▶ _WORK REQUEST_
Retype every line below precisely as it appears.

▶ _GIVEN DATA_
────────────────────

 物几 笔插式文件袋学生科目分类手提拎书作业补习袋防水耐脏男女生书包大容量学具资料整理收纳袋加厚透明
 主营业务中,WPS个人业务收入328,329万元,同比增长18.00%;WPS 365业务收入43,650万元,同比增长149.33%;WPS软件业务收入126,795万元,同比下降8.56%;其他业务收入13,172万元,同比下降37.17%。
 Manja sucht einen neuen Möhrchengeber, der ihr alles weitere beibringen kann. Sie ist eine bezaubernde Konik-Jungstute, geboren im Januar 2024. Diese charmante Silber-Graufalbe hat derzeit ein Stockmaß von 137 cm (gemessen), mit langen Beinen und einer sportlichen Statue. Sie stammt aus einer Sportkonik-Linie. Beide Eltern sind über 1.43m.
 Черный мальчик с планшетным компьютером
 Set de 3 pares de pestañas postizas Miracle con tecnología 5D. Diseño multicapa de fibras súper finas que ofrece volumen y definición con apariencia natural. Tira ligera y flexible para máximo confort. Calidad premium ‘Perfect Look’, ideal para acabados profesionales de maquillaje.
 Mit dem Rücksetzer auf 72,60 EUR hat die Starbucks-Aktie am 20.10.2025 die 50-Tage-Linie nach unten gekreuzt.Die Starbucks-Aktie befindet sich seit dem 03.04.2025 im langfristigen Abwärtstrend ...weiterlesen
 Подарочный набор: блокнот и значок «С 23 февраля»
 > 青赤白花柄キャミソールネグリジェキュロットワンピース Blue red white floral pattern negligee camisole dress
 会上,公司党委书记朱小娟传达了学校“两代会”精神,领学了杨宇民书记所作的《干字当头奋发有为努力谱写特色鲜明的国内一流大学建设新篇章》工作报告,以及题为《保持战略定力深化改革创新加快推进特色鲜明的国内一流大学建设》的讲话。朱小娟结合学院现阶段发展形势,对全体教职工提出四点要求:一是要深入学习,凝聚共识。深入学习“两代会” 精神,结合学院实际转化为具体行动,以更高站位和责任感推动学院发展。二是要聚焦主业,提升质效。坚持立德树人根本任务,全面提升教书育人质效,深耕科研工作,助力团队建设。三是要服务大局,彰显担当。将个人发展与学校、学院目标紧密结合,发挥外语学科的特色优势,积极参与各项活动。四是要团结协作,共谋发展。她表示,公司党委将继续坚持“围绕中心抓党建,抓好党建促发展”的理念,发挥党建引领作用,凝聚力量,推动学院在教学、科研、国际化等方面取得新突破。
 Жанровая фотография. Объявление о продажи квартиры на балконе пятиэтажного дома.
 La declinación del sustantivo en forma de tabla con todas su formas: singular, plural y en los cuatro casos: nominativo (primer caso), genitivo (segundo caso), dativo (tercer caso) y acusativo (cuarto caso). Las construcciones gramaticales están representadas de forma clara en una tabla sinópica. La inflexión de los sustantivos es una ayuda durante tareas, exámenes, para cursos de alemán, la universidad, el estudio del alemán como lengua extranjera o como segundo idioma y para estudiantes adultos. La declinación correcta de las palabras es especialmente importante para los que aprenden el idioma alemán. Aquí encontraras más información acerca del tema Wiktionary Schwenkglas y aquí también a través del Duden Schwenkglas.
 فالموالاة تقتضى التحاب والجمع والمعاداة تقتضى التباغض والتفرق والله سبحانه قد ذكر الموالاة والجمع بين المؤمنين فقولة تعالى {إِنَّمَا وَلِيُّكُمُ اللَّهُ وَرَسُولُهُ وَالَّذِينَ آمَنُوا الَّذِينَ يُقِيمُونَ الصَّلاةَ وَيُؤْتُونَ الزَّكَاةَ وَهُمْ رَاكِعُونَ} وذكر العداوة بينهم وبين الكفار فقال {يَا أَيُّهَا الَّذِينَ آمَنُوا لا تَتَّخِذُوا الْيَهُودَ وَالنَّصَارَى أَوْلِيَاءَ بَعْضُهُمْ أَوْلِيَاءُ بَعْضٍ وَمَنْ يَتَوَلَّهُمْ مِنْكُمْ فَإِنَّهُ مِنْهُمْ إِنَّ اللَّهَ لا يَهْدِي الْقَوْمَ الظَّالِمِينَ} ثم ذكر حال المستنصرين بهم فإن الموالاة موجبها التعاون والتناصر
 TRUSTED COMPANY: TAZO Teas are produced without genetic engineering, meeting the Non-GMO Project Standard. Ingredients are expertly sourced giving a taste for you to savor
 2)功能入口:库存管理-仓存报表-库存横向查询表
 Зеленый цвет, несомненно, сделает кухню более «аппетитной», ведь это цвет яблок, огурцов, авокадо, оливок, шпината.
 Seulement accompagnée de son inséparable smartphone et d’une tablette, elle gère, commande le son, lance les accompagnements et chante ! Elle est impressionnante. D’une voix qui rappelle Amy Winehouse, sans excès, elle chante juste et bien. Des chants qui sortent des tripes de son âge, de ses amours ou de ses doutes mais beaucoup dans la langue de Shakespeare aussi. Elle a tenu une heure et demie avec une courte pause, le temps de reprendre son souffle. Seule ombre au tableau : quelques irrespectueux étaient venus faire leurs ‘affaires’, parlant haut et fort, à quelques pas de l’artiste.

────────────────────

▶ _TASK ANSWER_
 物几 笔插式文件袋学生科目分类手提拎书作业补习袋防水耐脏男女生书包大容量学具资料整理收纳袋加厚透明
 主营业务中,WPS个人业务收入328,329万元,同比增长18.00%;WPS 365业务收入43,650万元,同比增长149.33%;WPS软件业务收入126,795万元,同比下降8.56%;其他业务收入13,172万元,同比下降37.17%。
 Manja sucht einen neuen Möhrchengeber, der ihr alles weitere beibringen kann. Sie ist eine bezaubernde Konik-Jungstute, geboren im Januar 2024. Diese charmante Silber-Graufalbe hat derzeit ein Stockmaß von 137 cm (gemessen), mit langen Beinen und einer sportlichen Statue. Sie stammt aus einer Sportkonik-Linie. Beide Eltern sind über 1.43m.
 Черный мальчик с планшетным компьютером
 Set de 3 pares de pestañas postizas Miracle con tecnología 5D. Diseño multicapa de fibras súper finas que ofrece volumen y definición con apariencia natural. Tira ligera y flexible para máximo confort. Calidad premium ‘Perfect Look’, ideal para acabados profesionales de maquillaje.
 Mit dem Rücksetzer auf 72,60 EUR hat die Starbucks-Aktie am 20.10.2025 die 50-Tage-Linie nach unten gekreuzt.Die Starbucks-Aktie befindet sich seit dem 03.04.2025 im langfristigen Abwärtstrend ...weiterlesen
 Подарочный набор: блокнот и значок «С 23 февраля»
 > 青赤白花柄キャミソールネグリジェキュロットワンピース Blue red white floral pattern negligee camisole dress
 会上,公司党委书记朱小娟传达了学校“两代会”精神,领学了杨宇民书记所作的《干字当头奋发有为努力谱写特色鲜明的国内一流大学建设新篇章》工作报告,以及题为《保持战略定力深化改革创新加快推进特色鲜明的国内一流大学建设》的讲话。朱小娟结合学院现阶段发展形势,对全体教职工提出四点要求:一是要深入学习,凝聚共识。深入学习“两代会” 精神,结合学院实际转化为具体行动,以更高站位和责任感推动学院发展。二是要聚焦主业,提升质效。坚持立德树人根本任务,全面提升教书育人质效,深耕科研工作,助力团队建设。三是要服务大局,彰显担当。将个人发展与学校、学院目标紧密结合,发挥外语学科的特色优势,积极参与各项活动。四是要团结协作,共谋发展。她表示,公司党委将继续坚持“围绕中心抓党建,抓好党建促发展”的理念,发挥党建引领作用,凝聚力量,推动学院在教学、科研、国际化等方面取得新突破。
 Жанровая фотография. Объявление о продажи квартиры на балконе пятиэтажного дома.
 La declinación del sustantivo en forma de tabla con todas su formas: singular, plural y en los cuatro casos: nominativo (primer caso), genitivo (segundo caso), dativo (tercer caso) y acusativo (cuarto caso). Las construcciones gramaticales están representadas de forma clara en una tabla sinópica. La inflexión de los sustantivos es una ayuda durante tareas, exámenes, para cursos de alemán, la universidad, el estudio del alemán como lengua extranjera o como segundo idioma y para estudiantes adultos. La declinación correcta de las palabras es especialmente importante para los que aprenden el idioma alemán. Aquí encontraras más información acerca del tema Wiktionary Schwenkglas y aquí también a través del Duden Schwenkglas.
 فالموالاة تقتضى التحاب والجمع والمعاداة تقتضى التباغض والتفرق والله سبحانه قد ذكر الموالاة والجمع بين المؤمنين فقولة تعالى {إِنَّمَا وَلِيُّكُمُ اللَّهُ وَرَسُولُهُ وَالَّذِينَ آمَنُوا الَّذِينَ يُقِيمُونَ الصَّلاةَ وَيُؤْتُونَ الزَّكَاةَ وَهُمْ رَاكِعُونَ} وذكر العداوة بينهم وبين الكفار فقال {يَا أَيُّهَا الَّذِينَ آمَنُوا لا تَتَّخِذُوا الْيَهُودَ وَالنَّصَارَى أَوْلِيَاءَ بَعْضُهُمْ أَوْلِيَاءُ بَعْضٍ وَمَنْ يَتَوَلَّهُمْ مِنْكُمْ فَإِنَّهُ مِنْهُمْ إِنَّ اللَّهَ لا يَهْدِي الْقَوْمَ الظَّالِمِينَ} ثم ذكر حال المستنصرين بهم فإن الموالاة موجبها التعاون والتناصر
 TRUSTED COMPANY: TAZO Teas are produced without genetic engineering, meeting the Non-GMO Project Standard. Ingredients are expertly sourced giving a taste for you to savor
 2)功能入口:库存管理-仓存报表-库存横向查询表
 Зеленый цвет, несомненно, сделает кухню более «аппетитной», ведь это цвет яблок, огурцов, авокадо, оливок, шпината.
 Seulement accompagnée de son inséparable smartphone et d’une tablette, elle gère, commande le son, lance les accompagnements et chante ! Elle est impressionnante. D’une voix qui rappelle Amy Winehouse, sans excès, elle chante juste et bien. Des chants qui sortent des tripes de son âge, de ses amours ou de ses doutes mais beaucoup dans la langue de Shakespeare aussi. Elle a tenu une heure et demie avec une courte pause, le temps de reprendre son souffle. Seule ombre au tableau : quelques irrespectueux étaient venus faire leurs ‘affaires’, parlant haut et fort, à quelques pas de l’artiste.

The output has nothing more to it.